Flutter 3.x upgrade guide: what changed and how to migrate
By Ann Tech · 31 May 2026
Flutter 3.x introduced several significant changes over the 2.x era. This guide covers the most impactful ones and how to handle them in an existing app.
Dart 3: null safety is now mandatory
Dart 3 requires sound null safety — all packages must be null-safe. The migration era is over.
# Check if any of your dependencies are not null-safe
dart pub outdated --mode=null-safety
If you have packages that aren't null-safe, check if there are newer versions, fork them, or replace them.
Material 3 as the default
Flutter 3.16+ enables Material 3 by default. You can opt out:
MaterialApp(
theme: ThemeData(useMaterial3: false), // Opt out temporarily
)
But the better path is migrating to M3. The main visual changes:
- New color roles (
colorScheme.surfacereplacescolorScheme.background) - New component shapes (more rounded by default)
- New typography scale
// M2 color access (still works but deprecated):
Theme.of(context).colorScheme.background
// M3 replacement:
Theme.of(context).colorScheme.surface
Check your theme for deprecated properties:
flutter analyze # Will flag deprecated M2 tokens
Dart 3 records and patterns
// Records — new in Dart 3
(String, int) getCoordinates() => ('New York', 40);
final (city, lat) = getCoordinates();
// Named records
({String name, double price}) getProduct() => (name: 'Shoes', price: 49.99);
final product = getProduct();
print(product.name); // 'Shoes'
// Exhaustive switch with patterns
Widget buildIcon(IconData? icon) => switch (icon) {
null => const SizedBox.shrink(),
Icons.home => const Icon(Icons.home, color: Colors.blue),
final i => Icon(i), // Default case
};
Sealed classes (Dart 3)
// Sealed classes are exhaustively checkable
sealed class ApiResult<T> {}
class ApiSuccess<T> extends ApiResult<T> {
final T data;
ApiSuccess(this.data);
}
class ApiError<T> extends ApiResult<T> {
final String message;
ApiError(this.message);
}
class ApiLoading<T> extends ApiResult<T> {}
// Switch is exhaustive — compiler errors if you miss a case
Widget build(ApiResult<List<Product>> result) => switch (result) {
ApiLoading() => const CircularProgressIndicator(),
ApiSuccess(:final data) => ProductList(products: data),
ApiError(:final message) => ErrorView(message: message),
};
Navigator 2.0 / go_router changes
go_router 10+ has a simplified API:
// Old (still works):
GoRouter(routes: [
GoRoute(path: '/', builder: (_, __) => const HomeScreen()),
])
// New: StatefulShellRoute for bottom nav with state persistence
GoRouter(routes: [
StatefulShellRoute.indexedStack(
builder: (_, __, shell) => ScaffoldWithBottomNav(shell: shell),
branches: [
StatefulShellBranch(routes: [
GoRoute(path: '/', builder: (_, __) => const HomeScreen()),
]),
StatefulShellBranch(routes: [
GoRoute(path: '/orders', builder: (_, __) => const OrdersScreen()),
]),
],
),
])
Running the upgrade
# Upgrade Flutter
flutter upgrade
# Upgrade all packages
flutter pub upgrade --major-versions
# Fix most deprecation warnings automatically
dart fix --apply
# Check remaining issues
flutter analyze
Golden test failures
Expect golden test failures after upgrading. Impeller, M3 defaults, and typography changes all affect pixel output:
flutter test --update-goldens
Review the diff for each golden before committing — confirm that the new output looks correct, not just different.
Common pitfalls
Upgrading without reviewing the CHANGELOG. Flutter's CHANGELOG lists breaking changes per release. Always read it before upgrading a production app: flutter.dev/docs/release/breaking-changes.
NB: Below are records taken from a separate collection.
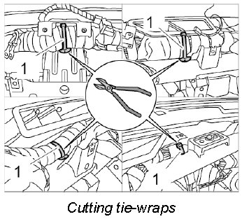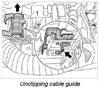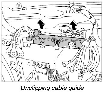 10. Unclip cable guide -1- on left of dashboard support using a screwdriver.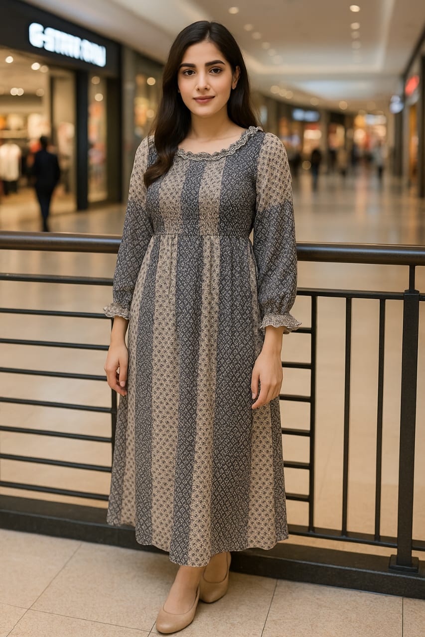 "Soft elegance meets vintage charm . This chiffon maxi blends delicate patterns with a flattering silhouette, perfect for a graceful stroll or a cozy café moment. Lightweight, flowy, and effortlessly stylish."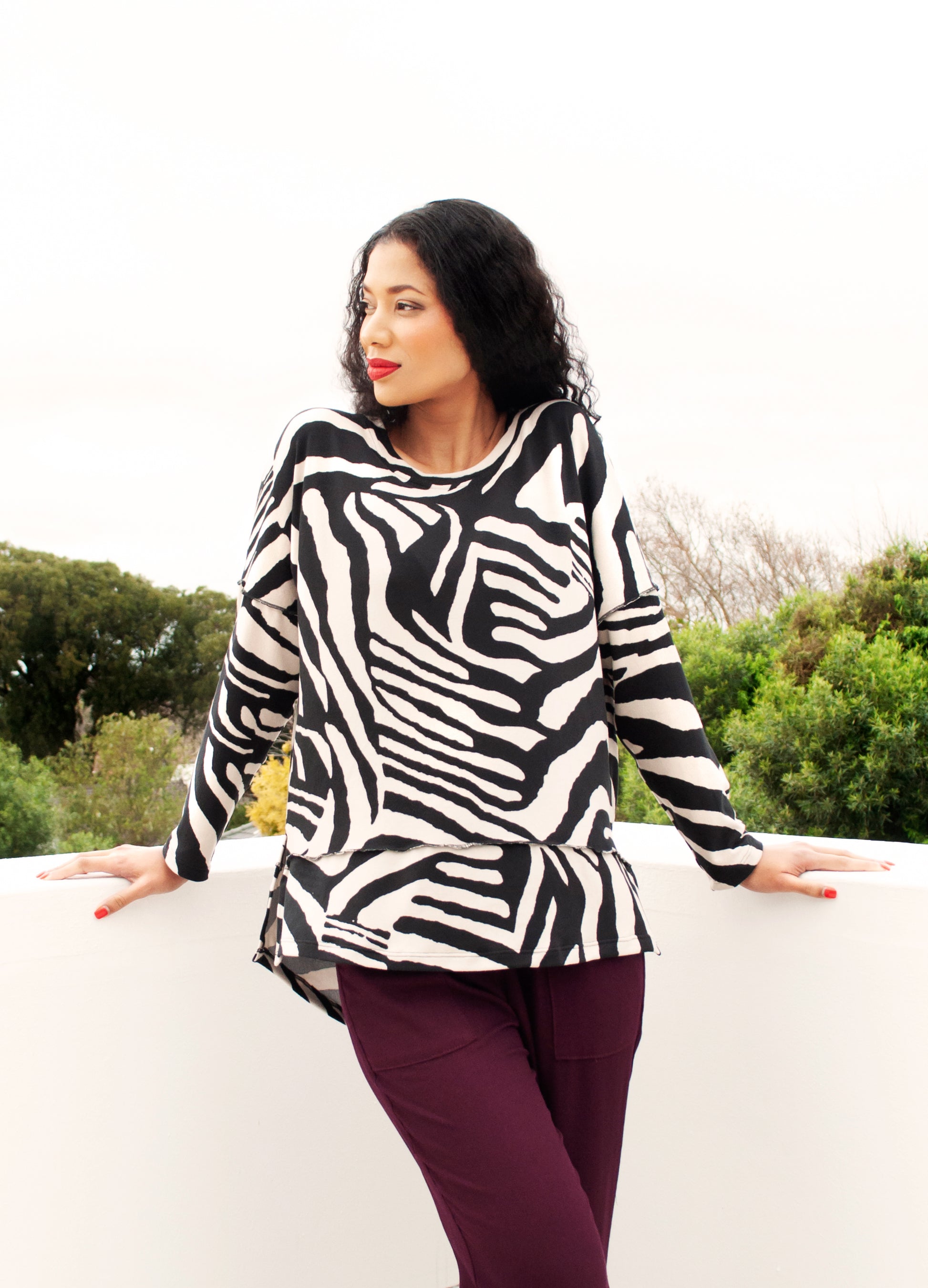 Meet your future favourite relaxed-fit jersey! The Nelly pullover is our take on an every day classic knit. This medium-weight cut & sew knit pullover features a boxy silhouette with dolman sleeves and exposed overlocking seam detail. Finished with side slits and a longer length at the back, you will love the look and feel of this light-weight jersey with a twist.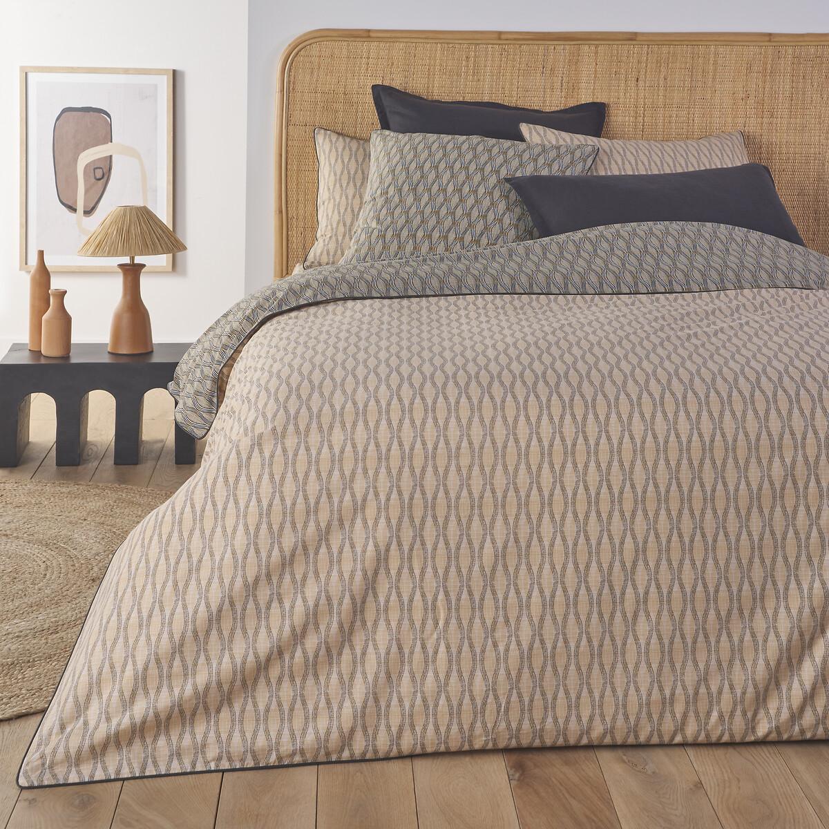 A revisited geometric design. Geometric rhythms freely inspired by traditional craftsmanship, delicately enhanced with a contrasting bias. Created by La Redoute Interiors. The cotton percale offers a pleasant feeling of freshness and lightness. Its tight weave makes it particularly soft for premium comfort. A matte and smooth material that will soften over time. Product Details • 100% cotton • Percale • 200 thread count: The higher the thread count, the higher the quality of the weave • Different geometric patterns on either side • Contrasting taped edging • Envelope-style opening Match this item with the rest of the bedding in the range for a stylish bedroom. And you can mix and match it with different colours and styles from our other bedding ranges when you want to change things up and create your own unique look. Care Advice • Machine washable at 60°C • By washing your laundry at 40°C instead of 60°C, you limit energy consumption. Sizes • 140 x 200cm: Single • 200 x 200cm: Double • 240 x 220cm: King • 260 x 240cm: Super King • OEKO-TEX® Standard 100. Standard 100 certification by OEKO-TEX® tests textile products for harmful substances via an independent, international label.
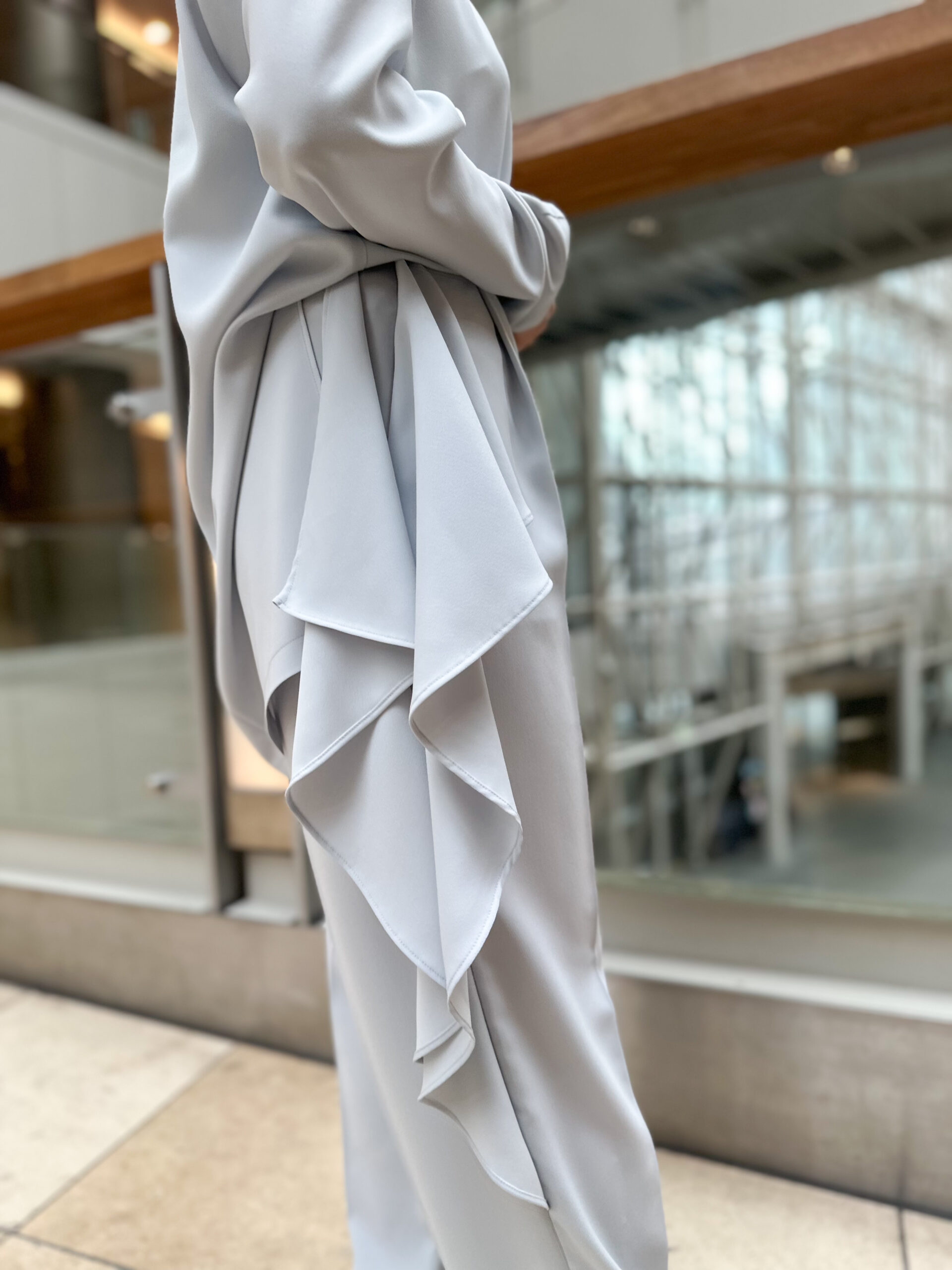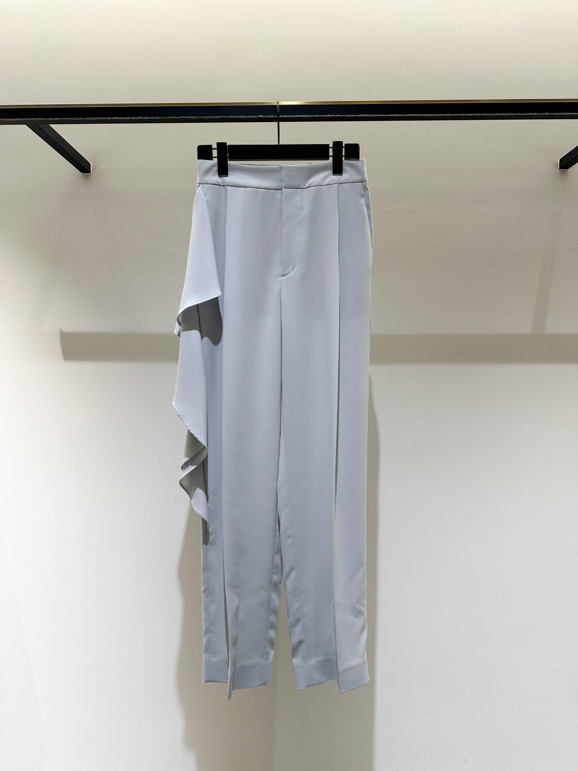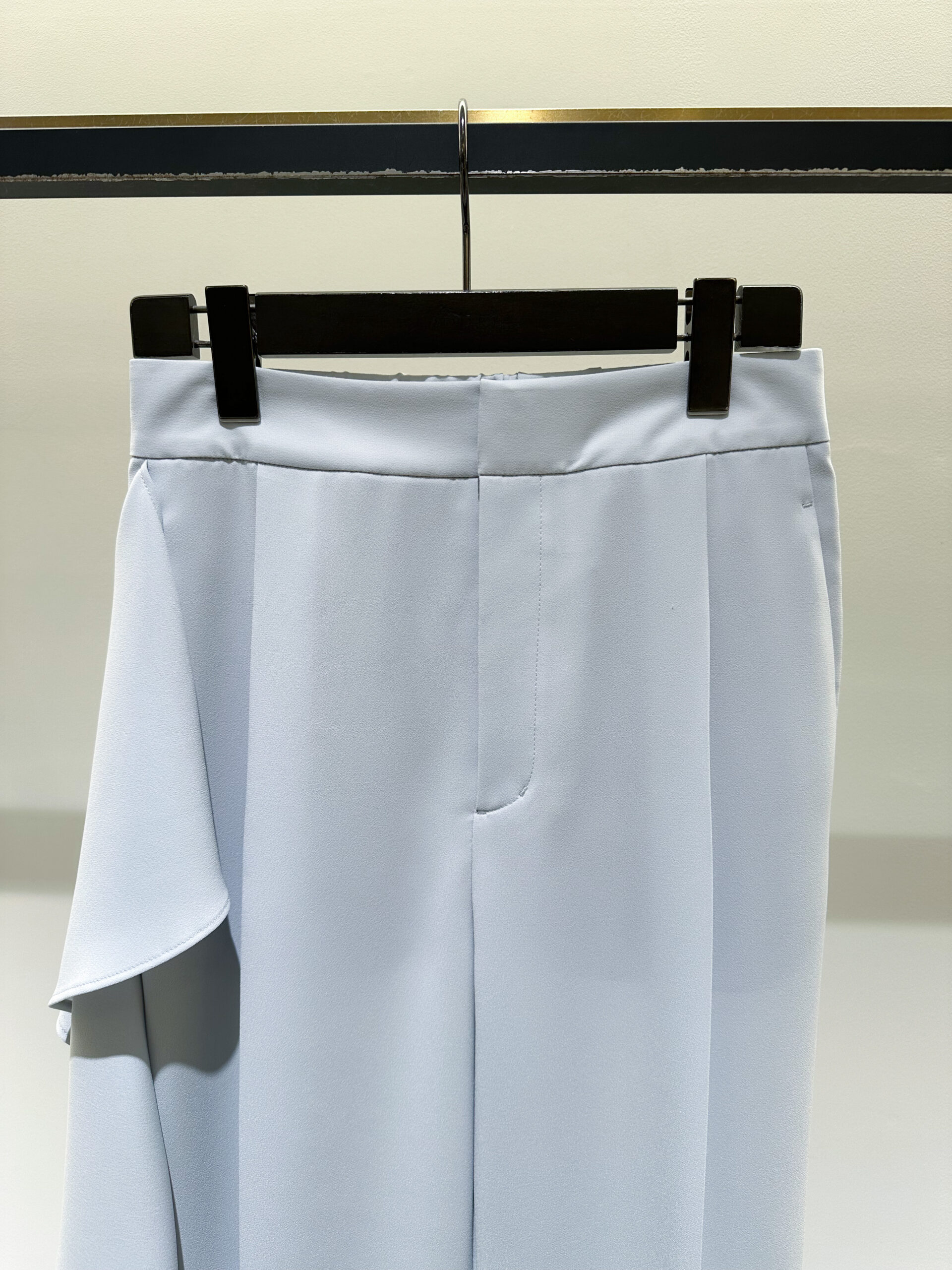 パンツは、アシンメトリーなデザインに大胆なラッフルパーツを挟み込んだ、ブランドらしい意匠が光る一本。適度な反発感とソフトな風合いが特徴の、バックサテン素材で仕立てました。一見、難易度が高そうに見えるデザインですが、計算されたアシンメトリーなバランスが、脚をすっきりと、洗練された印象に見せてくれます。

Upgrading packages and Flutter simultaneously. If you upgrade both at once and something breaks, you won't know which change caused it. Upgrade Flutter first, fix issues, then upgrade packages.
Ignoring deprecation warnings. Deprecated APIs are removed in future releases. Fix them when upgrading, not later — warnings accumulate and become a large migration project.